(Data for processing)
──────
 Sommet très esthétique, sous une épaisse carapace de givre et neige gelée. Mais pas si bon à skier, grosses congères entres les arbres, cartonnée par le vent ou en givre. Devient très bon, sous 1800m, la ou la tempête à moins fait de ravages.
──────
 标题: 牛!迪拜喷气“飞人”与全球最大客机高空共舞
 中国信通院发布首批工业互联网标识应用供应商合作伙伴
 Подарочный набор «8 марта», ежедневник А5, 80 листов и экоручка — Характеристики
──────
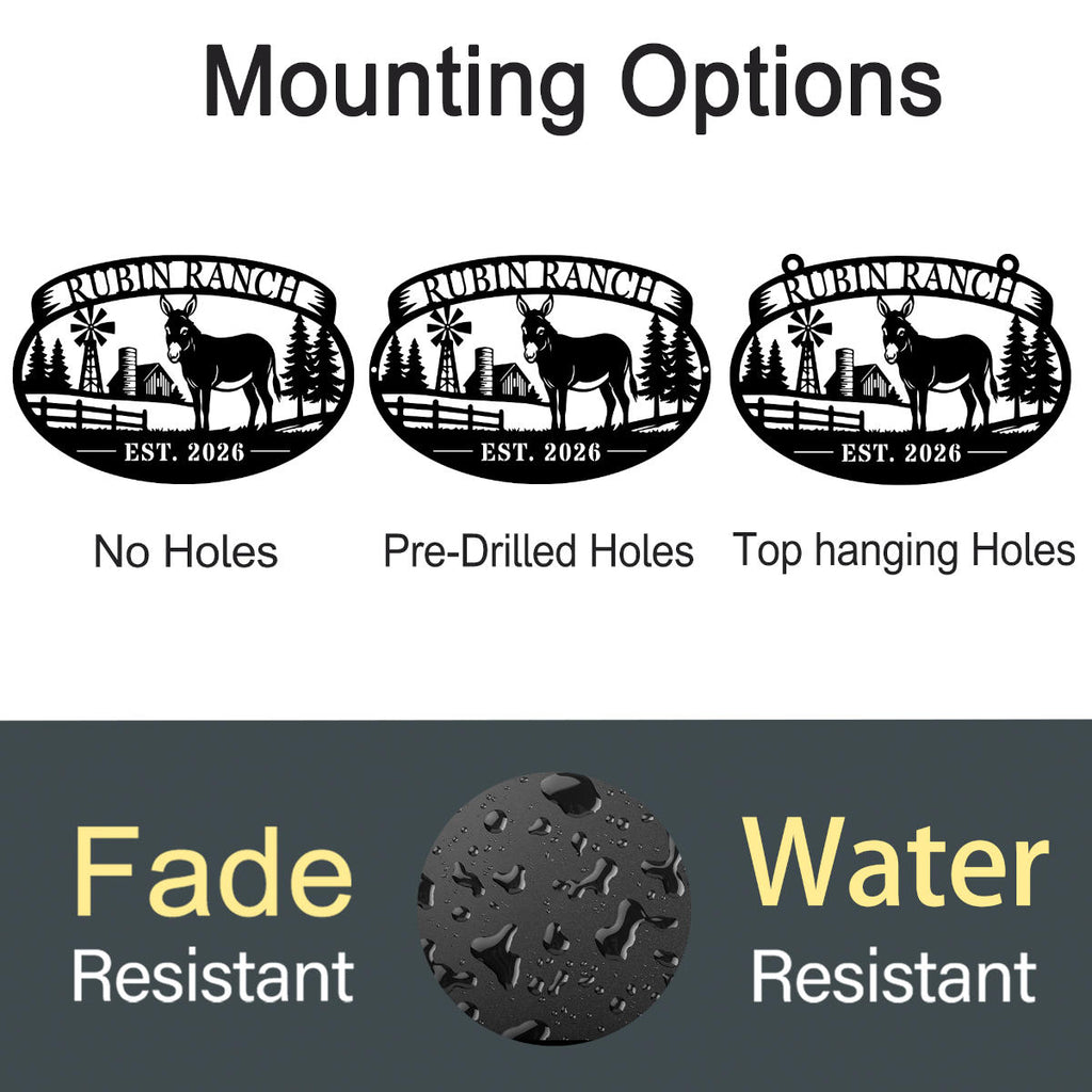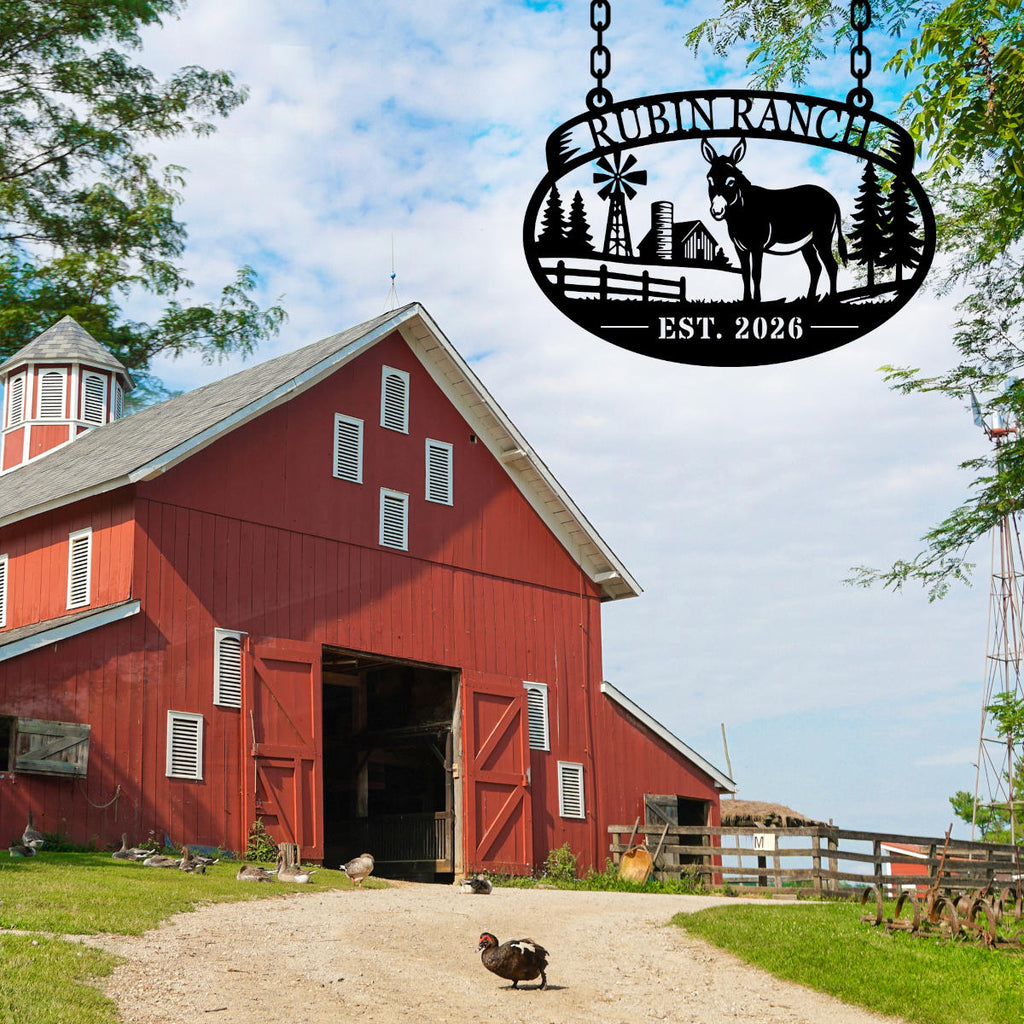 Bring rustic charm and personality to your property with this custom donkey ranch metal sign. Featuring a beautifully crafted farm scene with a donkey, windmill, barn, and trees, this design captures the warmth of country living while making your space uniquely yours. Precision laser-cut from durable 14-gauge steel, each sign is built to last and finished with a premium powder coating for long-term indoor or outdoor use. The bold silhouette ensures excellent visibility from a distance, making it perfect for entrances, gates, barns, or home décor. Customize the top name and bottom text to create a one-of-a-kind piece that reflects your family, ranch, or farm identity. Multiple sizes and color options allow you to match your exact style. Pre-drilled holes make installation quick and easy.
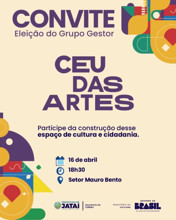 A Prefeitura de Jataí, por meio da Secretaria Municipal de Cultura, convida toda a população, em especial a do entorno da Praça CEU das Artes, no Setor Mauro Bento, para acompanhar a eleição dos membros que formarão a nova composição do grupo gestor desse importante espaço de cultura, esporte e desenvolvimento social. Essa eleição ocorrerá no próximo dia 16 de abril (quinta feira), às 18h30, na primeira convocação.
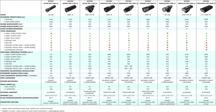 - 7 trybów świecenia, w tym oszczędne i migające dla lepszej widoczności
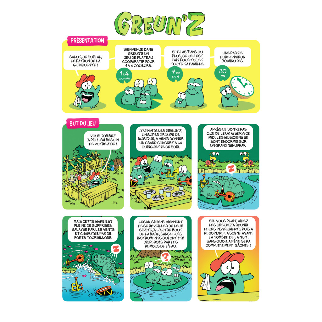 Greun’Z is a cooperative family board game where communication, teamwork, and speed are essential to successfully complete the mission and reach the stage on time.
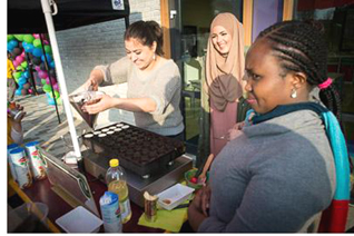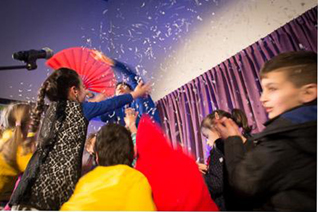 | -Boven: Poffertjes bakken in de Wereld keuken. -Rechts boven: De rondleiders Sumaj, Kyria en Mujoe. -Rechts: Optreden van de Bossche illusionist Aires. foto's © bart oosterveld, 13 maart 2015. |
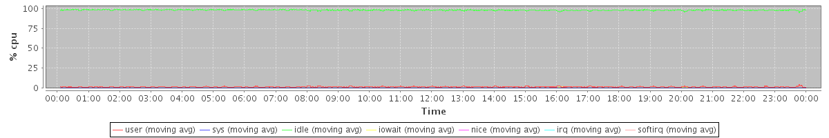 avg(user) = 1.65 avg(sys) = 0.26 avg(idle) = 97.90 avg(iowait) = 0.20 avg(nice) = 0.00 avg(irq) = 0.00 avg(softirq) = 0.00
──────
(What needs to be done) From the records above, copy exactly the lines starting at the one with "Bring rustic charm" and ending at the one with "A Prefeitura de", and no others. Pictures stay out.

(Response for this exercise)
 Bring rustic charm and personality to your property with this custom donkey ranch metal sign. Featuring a beautifully crafted farm scene with a donkey, windmill, barn, and trees, this design captures the warmth of country living while making your space uniquely yours. Precision laser-cut from durable 14-gauge steel, each sign is built to last and finished with a premium powder coating for long-term indoor or outdoor use. The bold silhouette ensures excellent visibility from a distance, making it perfect for entrances, gates, barns, or home décor. Customize the top name and bottom text to create a one-of-a-kind piece that reflects your family, ranch, or farm identity. Multiple sizes and color options allow you to match your exact style. Pre-drilled holes make installation quick and easy.
 A Prefeitura de Jataí, por meio da Secretaria Municipal de Cultura, convida toda a população, em especial a do entorno da Praça CEU das Artes, no Setor Mauro Bento, para acompanhar a eleição dos membros que formarão a nova composição do grupo gestor desse importante espaço de cultura, esporte e desenvolvimento social. Essa eleição ocorrerá no próximo dia 16 de abril (quinta feira), às 18h30, na primeira convocação.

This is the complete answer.